Referrer vs Sessions Chart

This chart shows where your traffic comes from. Each bar represents a referrer—the website or source that sent visitors to your page. Taller bars mean more sessions from that source.

The horizontal axis lists referrers (Google, Facebook, Direct, other websites). The vertical axis shows total sessions from each source.

How to read the data

Tall bars indicate your strongest traffic sources. These channels send the most visitors to your content.

"Direct" traffic means visitors typed your URL directly, used a bookmark, or came from an untracked source like email links or mobile apps.

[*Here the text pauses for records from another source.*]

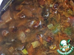 Развести муку с водой и влить, помешивая, в горячий соус.
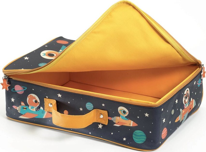 Kufřík z pevného plátna s rukojetí v jemných barvách je hezky ilustrovaný vesmírným dekorem. Kufřík je vodotěsný, uvnitř jsou dvě přihrádky a 2 kapsy. Je lehký a díky rukojeti se jednoduše přenáší. Uzavíratelný pomocí kvalitního obousměrného zipu. Kufřík lze čistit pouze omytím povrchu.
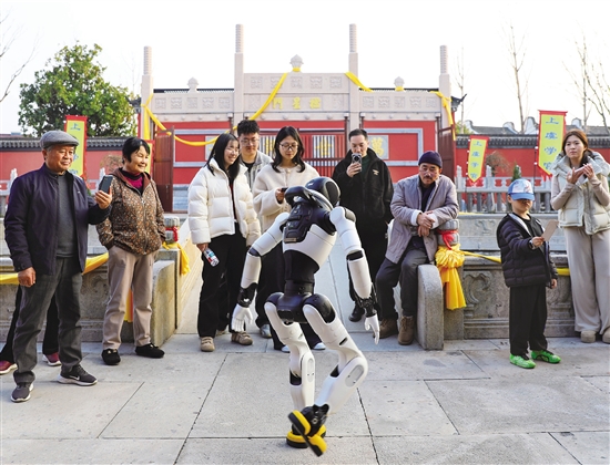 1月19日,在上虞学宫及丰惠镇党群服务中心,机器人挥毫写福、灵动起舞,电子狗随鼓点跃动,传统街巷瞬间充满未来感。据悉,区委组织部联合文旅部门创新“党建+科技+非遗”模式,组织党员志愿者引导游客参与汉服游园、非遗拓印等互动,千年文脉与智能科技交融,绘就党群共融的美好画卷。

Long-tail referrers (small bars on the right) show niche sources. Individually small, but collectively they may represent significant traffic worth understanding.

Setting your filters

Four filters shape this chart:

Domain – Choose which website to analyse if you manage multiple properties.

Pages – Select a specific page to see which sources drive traffic to that page. Select "All Pages" to see overall referrer performance.

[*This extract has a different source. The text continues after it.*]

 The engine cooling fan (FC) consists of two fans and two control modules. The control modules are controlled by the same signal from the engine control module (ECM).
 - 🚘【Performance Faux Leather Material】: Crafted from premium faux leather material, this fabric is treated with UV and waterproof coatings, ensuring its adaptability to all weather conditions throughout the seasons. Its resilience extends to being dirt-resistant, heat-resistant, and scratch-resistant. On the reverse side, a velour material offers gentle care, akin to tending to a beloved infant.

Date Range – Choose from 7, 30, 60, or 90 days of data.

Device – View desktop, mobile, tablet, or all devices combined. Traffic sources often vary dramatically by device.

Patterns worth investigating

Single dominant source – If one referrer accounts for most traffic, you're vulnerable. Diversify your acquisition channels.

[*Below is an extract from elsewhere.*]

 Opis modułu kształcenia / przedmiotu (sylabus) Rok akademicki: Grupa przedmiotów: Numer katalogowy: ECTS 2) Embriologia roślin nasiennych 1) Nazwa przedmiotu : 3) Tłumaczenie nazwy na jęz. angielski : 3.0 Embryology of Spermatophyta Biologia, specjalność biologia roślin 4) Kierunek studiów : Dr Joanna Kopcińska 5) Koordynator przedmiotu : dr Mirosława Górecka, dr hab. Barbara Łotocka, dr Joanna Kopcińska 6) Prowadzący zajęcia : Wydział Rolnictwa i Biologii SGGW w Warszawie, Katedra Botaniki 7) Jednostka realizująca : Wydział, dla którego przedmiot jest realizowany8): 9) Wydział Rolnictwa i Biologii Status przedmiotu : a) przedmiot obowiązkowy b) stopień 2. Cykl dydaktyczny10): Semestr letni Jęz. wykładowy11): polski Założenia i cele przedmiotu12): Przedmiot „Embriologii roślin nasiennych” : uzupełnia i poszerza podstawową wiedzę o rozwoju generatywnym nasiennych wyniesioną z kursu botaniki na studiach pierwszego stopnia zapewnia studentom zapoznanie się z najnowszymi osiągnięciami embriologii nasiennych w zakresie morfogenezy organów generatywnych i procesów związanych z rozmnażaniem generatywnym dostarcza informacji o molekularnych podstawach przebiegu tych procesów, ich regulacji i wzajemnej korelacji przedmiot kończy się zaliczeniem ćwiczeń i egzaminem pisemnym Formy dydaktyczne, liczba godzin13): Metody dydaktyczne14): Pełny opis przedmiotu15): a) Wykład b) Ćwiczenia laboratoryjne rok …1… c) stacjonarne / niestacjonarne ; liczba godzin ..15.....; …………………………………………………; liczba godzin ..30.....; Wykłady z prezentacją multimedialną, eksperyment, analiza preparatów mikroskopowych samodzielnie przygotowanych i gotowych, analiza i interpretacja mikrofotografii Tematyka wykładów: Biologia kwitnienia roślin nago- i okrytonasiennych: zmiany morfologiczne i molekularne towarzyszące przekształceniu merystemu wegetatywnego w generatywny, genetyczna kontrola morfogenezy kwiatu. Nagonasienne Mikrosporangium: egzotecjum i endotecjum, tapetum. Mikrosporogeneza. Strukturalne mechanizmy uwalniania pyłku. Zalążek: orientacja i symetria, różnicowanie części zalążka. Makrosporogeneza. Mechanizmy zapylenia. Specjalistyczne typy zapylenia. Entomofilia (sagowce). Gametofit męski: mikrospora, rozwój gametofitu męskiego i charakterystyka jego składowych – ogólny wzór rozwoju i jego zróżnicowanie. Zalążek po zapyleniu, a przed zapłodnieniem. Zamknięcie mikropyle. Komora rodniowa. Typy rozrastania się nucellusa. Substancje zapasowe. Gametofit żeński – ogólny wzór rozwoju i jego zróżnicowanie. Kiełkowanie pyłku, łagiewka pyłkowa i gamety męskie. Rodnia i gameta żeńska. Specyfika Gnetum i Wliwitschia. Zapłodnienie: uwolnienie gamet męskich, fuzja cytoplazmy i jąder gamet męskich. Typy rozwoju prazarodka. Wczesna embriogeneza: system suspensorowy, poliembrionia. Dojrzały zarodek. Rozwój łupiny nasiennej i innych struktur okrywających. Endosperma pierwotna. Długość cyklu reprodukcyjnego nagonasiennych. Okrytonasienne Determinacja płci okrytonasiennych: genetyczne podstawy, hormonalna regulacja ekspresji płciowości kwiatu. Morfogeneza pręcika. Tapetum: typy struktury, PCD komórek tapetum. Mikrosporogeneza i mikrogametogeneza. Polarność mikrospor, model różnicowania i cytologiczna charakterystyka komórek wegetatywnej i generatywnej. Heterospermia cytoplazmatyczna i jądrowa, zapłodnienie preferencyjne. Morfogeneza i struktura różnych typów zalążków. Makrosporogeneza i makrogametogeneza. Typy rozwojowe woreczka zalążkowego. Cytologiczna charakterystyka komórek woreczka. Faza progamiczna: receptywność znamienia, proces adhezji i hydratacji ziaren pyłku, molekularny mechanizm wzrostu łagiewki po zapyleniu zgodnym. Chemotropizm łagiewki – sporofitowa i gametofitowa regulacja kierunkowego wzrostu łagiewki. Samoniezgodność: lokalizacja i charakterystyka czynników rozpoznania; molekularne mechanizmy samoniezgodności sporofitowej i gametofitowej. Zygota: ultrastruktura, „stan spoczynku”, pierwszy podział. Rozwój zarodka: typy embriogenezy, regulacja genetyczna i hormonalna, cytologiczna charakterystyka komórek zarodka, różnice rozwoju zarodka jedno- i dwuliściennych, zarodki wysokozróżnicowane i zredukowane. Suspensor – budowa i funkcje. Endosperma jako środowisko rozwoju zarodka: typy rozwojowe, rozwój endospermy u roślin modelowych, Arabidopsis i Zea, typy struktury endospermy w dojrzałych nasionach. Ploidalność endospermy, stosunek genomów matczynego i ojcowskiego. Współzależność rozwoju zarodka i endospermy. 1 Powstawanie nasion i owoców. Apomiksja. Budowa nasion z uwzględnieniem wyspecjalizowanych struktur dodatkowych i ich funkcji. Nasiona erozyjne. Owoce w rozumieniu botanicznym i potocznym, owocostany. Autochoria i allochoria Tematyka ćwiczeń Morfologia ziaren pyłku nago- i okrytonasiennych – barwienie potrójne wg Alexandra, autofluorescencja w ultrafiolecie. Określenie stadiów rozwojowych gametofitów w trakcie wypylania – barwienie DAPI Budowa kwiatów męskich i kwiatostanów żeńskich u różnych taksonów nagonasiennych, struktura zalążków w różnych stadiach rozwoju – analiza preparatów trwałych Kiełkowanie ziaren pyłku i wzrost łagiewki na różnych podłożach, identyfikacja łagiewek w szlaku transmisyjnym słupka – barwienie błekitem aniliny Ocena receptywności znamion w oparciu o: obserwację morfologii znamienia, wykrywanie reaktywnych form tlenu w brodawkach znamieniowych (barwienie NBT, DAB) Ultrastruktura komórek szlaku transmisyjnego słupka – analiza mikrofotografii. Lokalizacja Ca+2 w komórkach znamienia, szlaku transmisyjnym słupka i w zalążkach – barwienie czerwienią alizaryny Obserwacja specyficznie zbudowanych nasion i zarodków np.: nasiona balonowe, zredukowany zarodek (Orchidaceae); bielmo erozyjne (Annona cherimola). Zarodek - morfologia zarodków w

High sessions, few pages – A referrer sends lots of traffic but only to one or two pages. Explore opportunities to capture more of that audience across your site.

Internal referrers appearing – Your own domain showing as a referrer indicates visitors navigating between pages. High numbers suggest strong internal linking or compelling content paths.

Device-specific sources – Social traffic often skews mobile. Search traffic may favour desktop. Filter by device to understand these patterns.

Direct traffic dominance – High direct traffic suggests strong brand awareness or returning visitors. It may also indicate untracked campaigns—check your UTM tagging.

Taking action

Cross-reference this data with the other Page Analysis charts. A referrer sending high traffic that doesn't convert may indicate mismatched intent—visitors expect something different from what they find.

Filter by device to spot mobile-heavy referrers. These visitors may need different content formatting or faster load times to convert effectively.